In discussions about misguided notions, the name of a particular animal often comes up.
If, for example, the facts suggest an outcome is next to impossible, the conversation can quickly turn to the subject of flying pigs. Alternatively, when a proposition makes little sense on its face, there may suddenly be talk of putting lipstick on that very same creature.
But when it comes to recent government-sponsored efforts to convince Americans that things are better than they appear, both expressions would seem to apply -- mixed-metaphor conventions be damned.
Take today's move by the Financial Accounting Standards Board to relax the rules on mark-to-market accounting. According to Bloomberg, FASB was "pressured by U.S. lawmakers and financial companies" to make the change, which allows managers more leeway in pricing the financial assets on their balance sheets, including the toxic variety that many firms are now stuck with. Experts say that shift could boost banks' first quarter net income by 20 percent or more.
But will the newfound profitability mean the system is in better shape than before? Not really. In fact, the lack of transparency will likely add to the uncertainty that has undermined lending and other markets since the credit bubble first burst two years ago.
After a brief respite, the financial world will again come unglued over fears about the economic wellbeing of banks and other counterparties. Liquidity will dry up, Main Street will grow more worried about the future, and the economy will suffer the consequences of steadily deteriorating demand.
That is not the only area where proactive policymaking will likely bring about unintended consequences. For example, if you dig into the recent spate of "better-than-expected" economic reports, which many permabulls and TV pundits have siezed on as evidence of a turnaround, there appears to be something other than rigorous analysis involved.
According to Barron"s columnist Alan Abelson, citing work by Merrill Lynch economist David Rosenberg, some of the assumptions that government number-crunchers have been making as they transform raw data into headline statistics are more than a little optimistic, especially in light of broader economic developments.
Among other things, Abelson wrote in this week's Up and Down Wall Street column, "the seasonal adjustment for [February] new-home sales was the strongest since 1982," while the corresponding adjustment for durable-goods orders was the strongest since the series was first released in 1992.
Unfortunately, while that might be taken as good news for now, an inevitable reconciliation of the reported data with what is actually happening on the ground sets the stage for a crushing disappointment later on.
The Public-Private Investment Program, or PPIP, is another effort that seems designed to make the bad look good -- at taxpayer's expense, that is. Quite simply, the plan put forth by Treasury Secretary Timothy Geithner uses the same kind of smoke-and-mirror chicanery that helped create the mess we are in to begin with.

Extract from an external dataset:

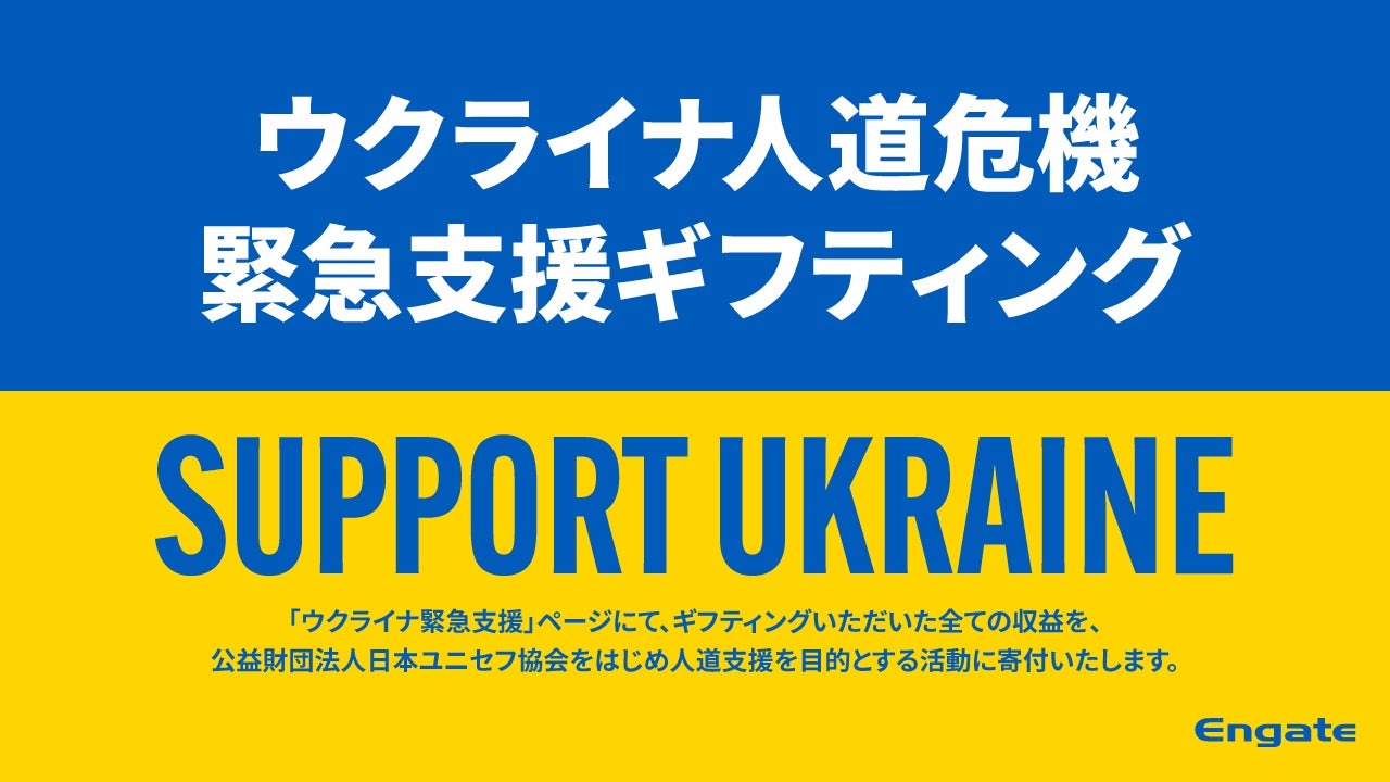 エンゲート株式会社は、ウクライナ人道危機に対する緊急支援を開始することを決定いたしました。「ウクライナ緊急支援」のページで、3/1-4/28(期間延長の可能性あり)に、ギフティングいただいた総額から決済手数料を除く全ての収益を、(公財)日本ユニセフ協会をはじめ人道支援を目的とする活動に寄付いたします。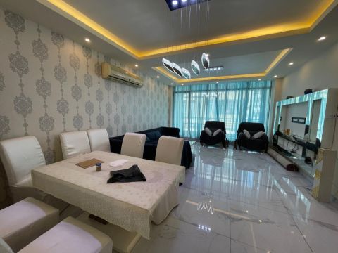 للإيجار: شقة كبيرة مساحتها 162 متر مربع في أمواج، مفروشة بالكامل. تتكون من صالة كبيرة، 3 حمامات، 3 غرف نوم، ومطبخ. المرافق تشمل مصعد، مسبح، موقف سيارات، وجيم. الإيجار 330 دينار بحريني غير شامل الكهرباء، أو 400 دينار شامل الكهرباء.

In the end, nothing will really be solved, and the very costly mistakes of the private sector will end up on the books of the taxpayer, with little to show for it except a crushing load of debt for our children and granchildren. (For a helpful overview of how the scam works, check out the chalkboard commentary by the Khan Academy over at YouTube.)
Finally, while it's not clear whether the "assistance" was officially (or even unofficially) sanctioned, the allegedly good results that several banks reported they were having in January and February, which signaled to some wishful thinkers that a turnaround was at hand, may well have come at the expense of the financial black hole known as American International Group, now under U.S. government ownership.
As Zero Hedge argues in a recent post, "AIG, knowing it would need to ask for much more capital from the Treasury imminently, decided to throw in the towel, and gifted major bank counter-parties with trades which were egregiously profitable to the banks, and even more egregiously money losing to the U.S. taxpayers, who had to dump more and more cash into AIG, without having the Treasury Secretary...disclose the real extent of this, for lack of a better word, fraudulent scam."
Of course, all of these developments may be totally unrelated, or perhaps they reflect an extraordinary change in circumstances (not being felt by average Americans, it seems) that also help explain the recent rebound in share prices.
Then again, if only I had enough lipstick, I could make pigs fly.